There are two things we can consider doing. One is to, as Joe said, kick the can down the road. Can we delay the things? So if that person has a risk or would likely to get myeloma in the next 10 years, can we make it 20 years instead of 10 years? If it's five, can we make it 10? There may be some individuals where the cancer hasn't quite crossed the threshold where we still have an opportunity to cure the disease, so to speak. We are already starting to talk about cure in myeloma, so it's not a leap of faith to say that we can actually cure it in a much earlier stage. I think that's where we might borrow some of the treatments that we use in myeloma, but use it in a little bit more intelligent fashion and try and eradicate the disease completely so that the rest of the life, the patient has never to think about the risk of myeloma.
Joe:
Beautifully said. I think if I can put an extra plug in for what Beth shared with us yesterday about shared decision-making, and this just doesn't only apply to smoldering myeloma. I want to really emphasize this in general in all of your treatments. Now that we have so much choice in myeloma, when we talk about matching choice to what you prefer and what you want, that matching becomes really important because I bet if I sat down with a group of you today and started just doing the numbers and saying, "Okay. You've got smoldering myeloma. You have a 20% chance of this becoming active in the next two years. Do you want treatment, yes or no?" I'm going to suggest most of you would probably say no.
Well, what if I raise that to 40%, to 60%, to 80%? That's where there's going to be a greater variation and it's okay. You may want to be the person who says, "Look, Doc, right now I'm living my best life. I'm having a great time with my grandchildren," or "My business is going this way. I think I would rather kick the can down the road. I'd rather have a lighter treatment that I can keep doing all the things that I'm doing and have it delayed." Versus someone says, "You know what, Doc, look, that risk scares me. Let's do it. Let's go big or go home. I want to get fully treated." Both of those philosophies are absolutely acceptable, which is why when someone says, "What is the best treatment?" Well, it's hard to say what is the best treatment because it really depends, right?
It's like when you ask your waiter or waitress at a restaurant and say, "What's the best thing on your menu?" Well, it depends, right? Maybe you don't like shrimp. Maybe you don't like this. So your preferences have to be matched to the options that you have. Now, you own a restaurant that has one thing on the menu, thanks for coming out, you don't have any choice, right? When we started treating myeloma 20 years ago, there was one or two things on the menu. Now with this portfolio, we want to empower you to help you understand that you're not diminishing the strength of your treatment by intervening with your preferences. If anything, you're strengthening your treatment by being able to choose the thing that matches your lifestyle.

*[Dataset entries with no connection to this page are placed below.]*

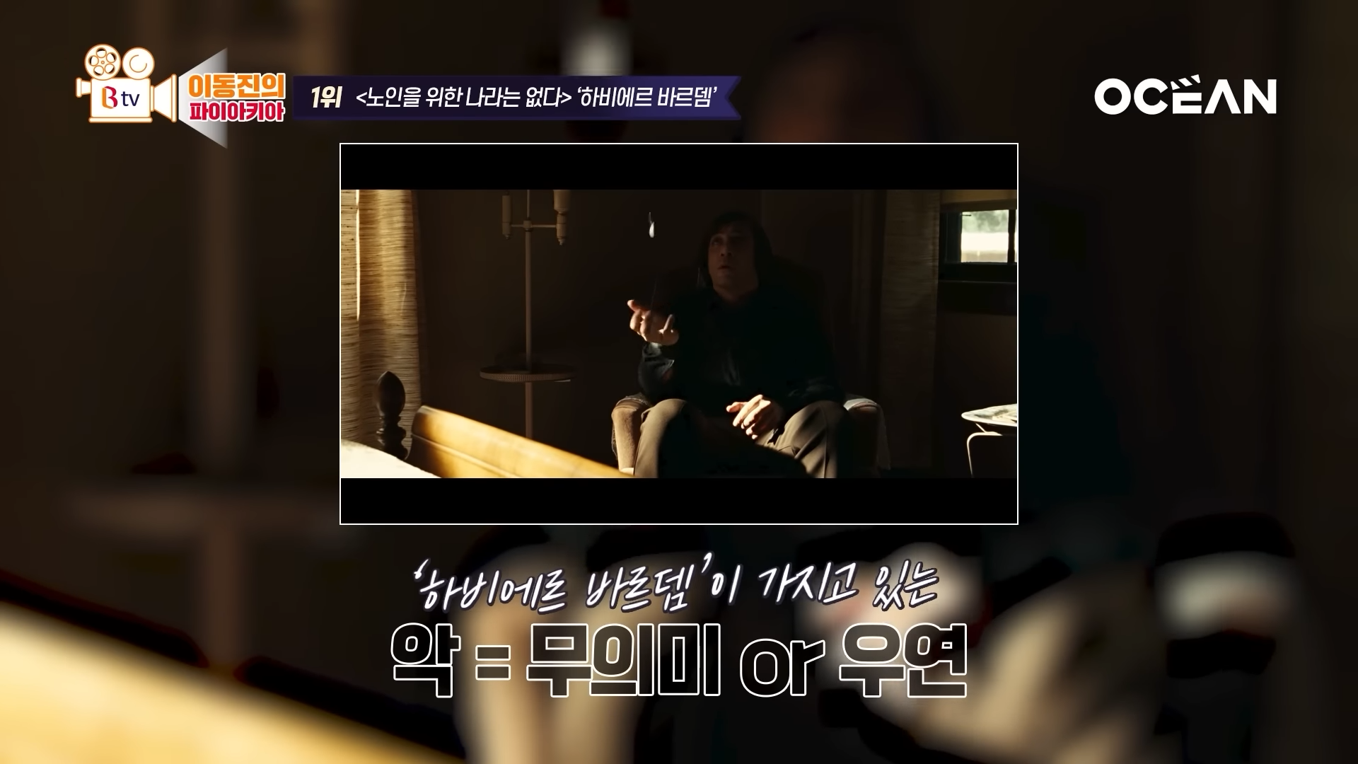 ‘하비에르 바르뎀’은 이와 반대로 가장 낮은 온도의 탁월한 악역 연기를 보여주었기에 1위로 선정했다고 이동진 평론가는 말했습니다.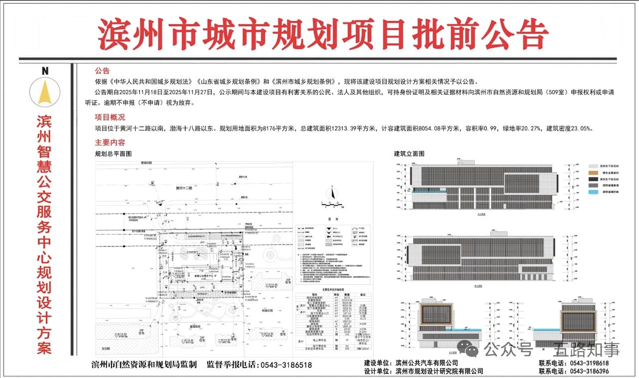 定了!就在滨州黄河十二路! 11月18日,《滨州智慧公交服务中心规划设计方案》公布:(图一图二) 山东滨州智慧公交服务中心项目位于黄河十二路以南,渤海十八路以东。规划用地面积为8176平方米,总建筑面积12313.39平方米,计容建筑面积8054.08平方米,容积率0.99,绿地率20.27%,建筑密度23.05%。 该项目位于滨州富海观岳小区的正北侧。该中心的出入口位于项目西北角(望海花园南门正对面)。 建设单位为滨州公共汽车有限公司。 来源:滨州市自然资源和规划局
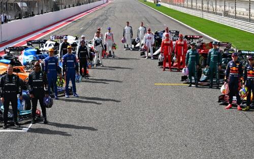 La foto di gruppo che ha aperto la tre giorni di Sakhir
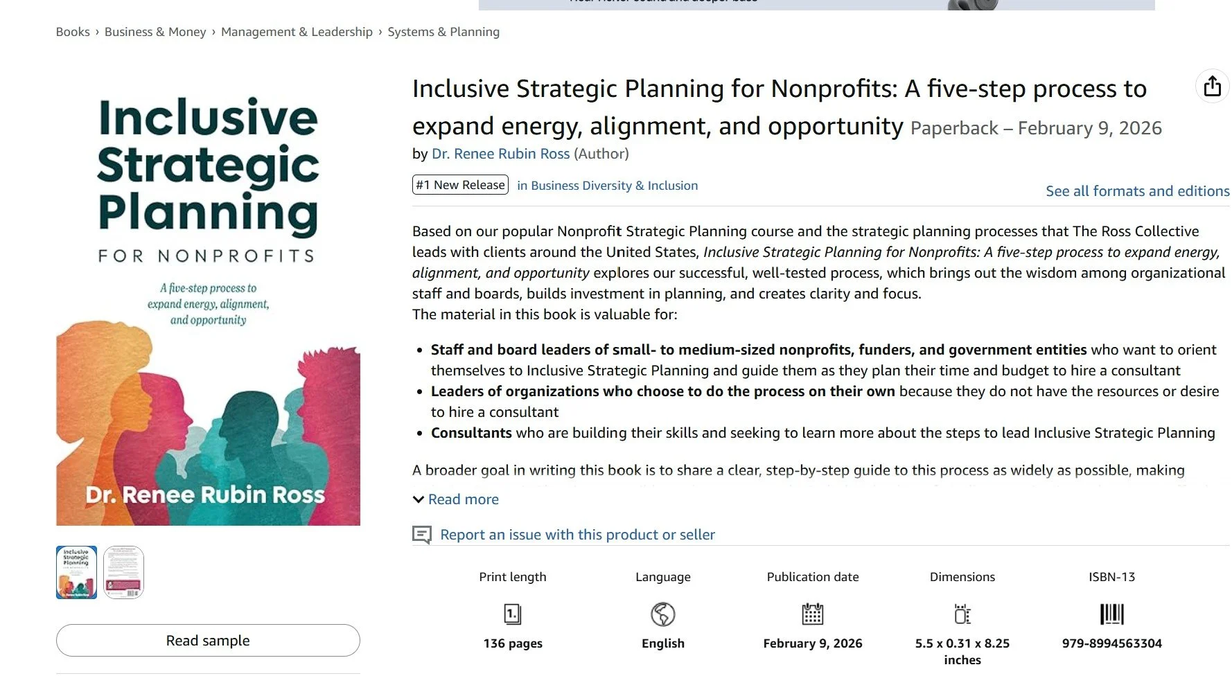 Exciting news: my book Inclusive Strategic Planning for Nonprofits: A five-step process to expand energy, alignment and opportunity has been launched into the world. At this moment, it’s even listed as a #1 New Release!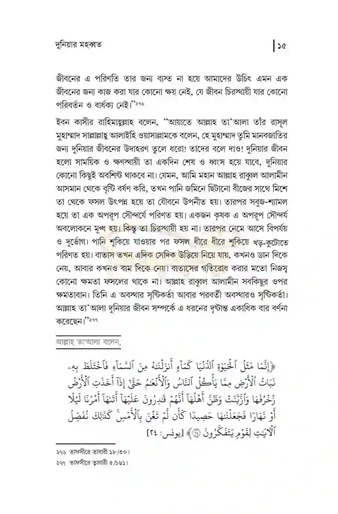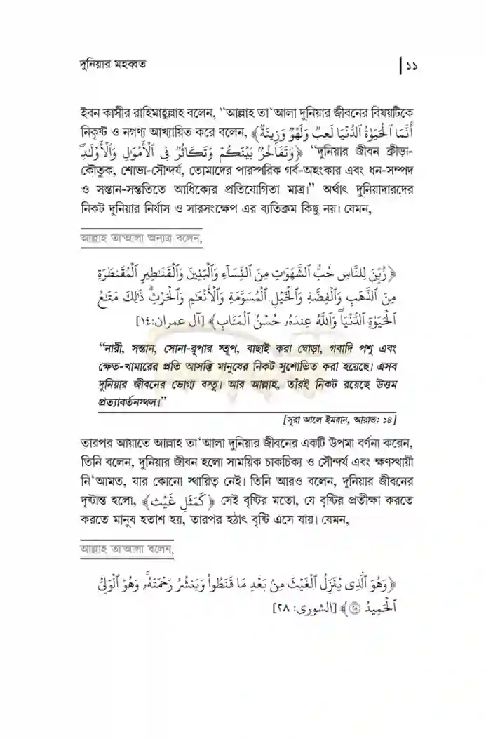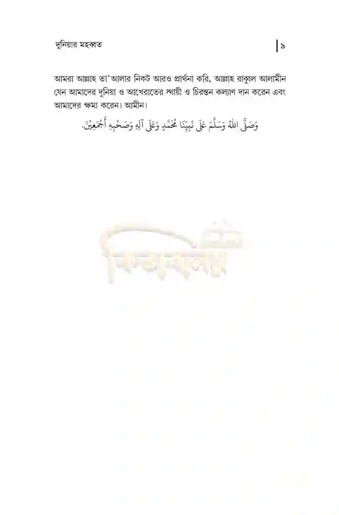 ৫। দুনিয়ার মহব্বত
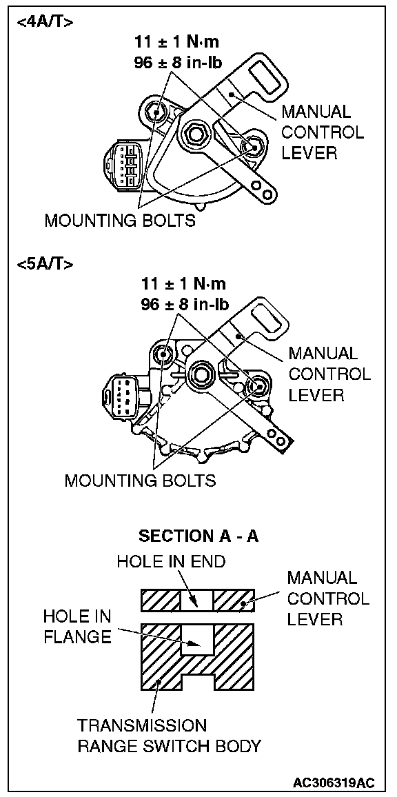 4. Loosen the transmission range switch body mounting bolts and turn the park/neutral position switch body so the hole in the end of the manual control lever and the hole (section A - A in the figure on the left) in the flange of the transmission range switch body flange are aligned.

So again, that's a bit of a commercial for shared decision-making, but I just think that's really important because sometimes we might think that, "Oh, there is the best treatment and then everything else." We're in a situation now where you have so many different treatments. There are a lot of great things. There are a lot of great things to eat on that menu and it's somewhat subjective as to what is going to be best for you.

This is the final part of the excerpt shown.